### Supplied material ###

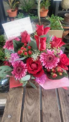 【お祝い花】プロにおまかせ アレンジメント「赤系」3,850円
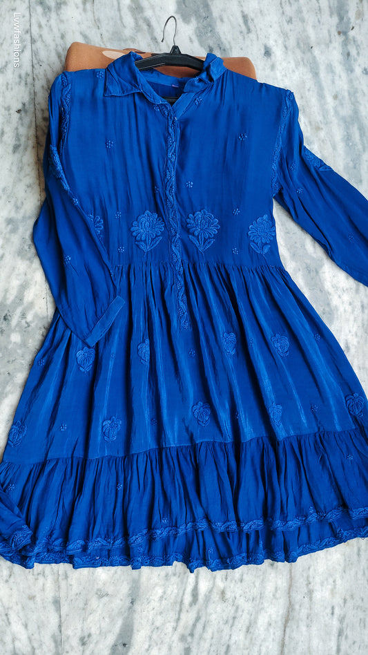 Shine Blue Premium Silk Chikankari Luxurious Long Kurti For women
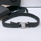 CC ELASTIC BELT 30MM IN BLACK CALFSKIN SILVER HARDWARE WITH RHINSTONES

###

What you have to do =
The data above, line by line: transcribe it exactly and drop the pictures.

Answer to the problem =
 【お祝い花】プロにおまかせ アレンジメント「赤系」3,850円
 Shine Blue Premium Silk Chikankari Luxurious Long Kurti For women
 CC ELASTIC BELT 30MM IN BLACK CALFSKIN SILVER HARDWARE WITH RHINSTONES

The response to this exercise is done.